In this year’s first UVC monthly editorial all the way back in January, I somewhat defiantly claimed that 2020 would come to be one of, if not the most impactful and integral years in the history of the underground music scene as a whole. While I certainly had what I considered pretty substantial reasoning behind making that claim, I absolutely never could have guessed that I would have been proven right just three whole months into the year. 

I also could have never guessed the exact way I was proven right either; I think it is safe to say that no one could have predicted the predicament that the world is currently facing. 

The resounding, rippling, and raucous effects that the Coronavirus pandemic is currently placing on nearly every single aspect of life as we know it are as unprecedented as they are unruly. Every single time some facet of life is brought up as falling victim to these effects, another one of equal or even further weight springs to mind… and then another… and another… 
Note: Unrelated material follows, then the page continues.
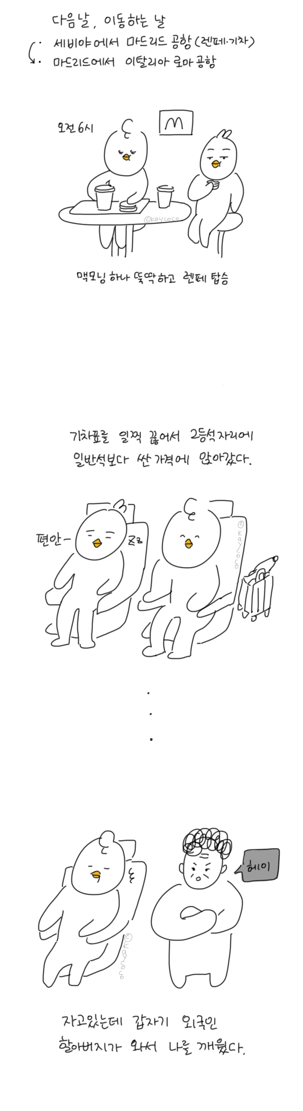 다음날 아침엔 이탈리아로 가기 위해 세비야에서 마드리드 공항까지 가는 렌페를 탔다. 운 좋게 2등석에 앉아서 가게 되었고 도착하려면 몇 시간이 걸리는 거리라 자고 있는데, 갑자기 외국인 할아버지가 화난 얼굴로 나를 깨웠다.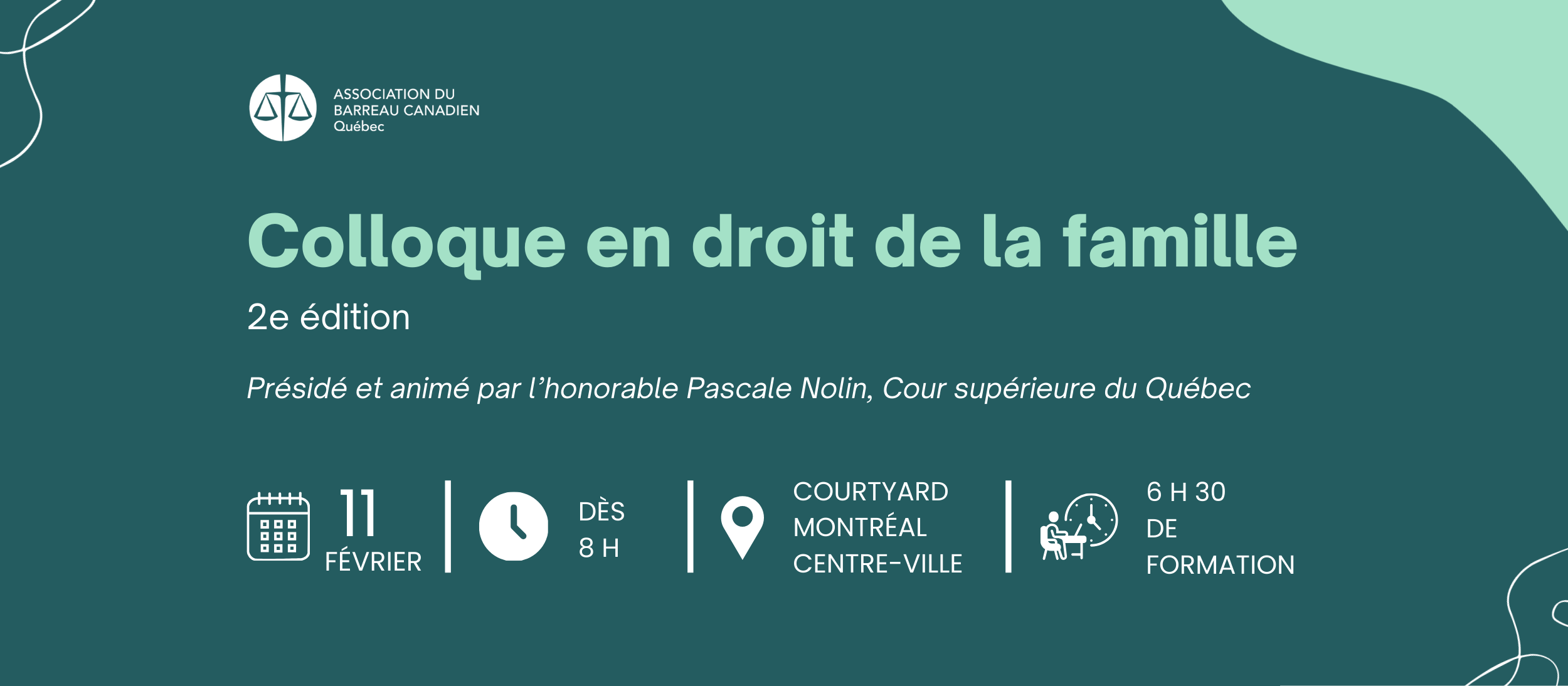 La section de droit de la famille de l'ABC-Québec vous invite à la deuxième édition de son Colloque en droit de la famille, une journée complète de conférences, d’échanges et de réflexions avec des formateurs chevronnés.

To put it bluntly, COVID-19 knows no bounds, and it will continue to be as such for the unforeseeable future. We are currently living in an entirely unparalleled time — a period of human history that will go down as equal parts infamous as it will egregious. 

With the rabbit hole of life’s most essential aspects being presented given the imposition that these effects are constantly holding, it’s easy to feel a sense of selfishness or even basic inadequacy when attempting to talk about the more trivial factors that are being changed. This is certainly something I have personally struggled with for the past few weeks, as every time I attempt to spur a conversation about how this pandemic is affecting the things I love most, I immediately think of the devastation that some individuals, families, or even entire countries are currently facing as a result. 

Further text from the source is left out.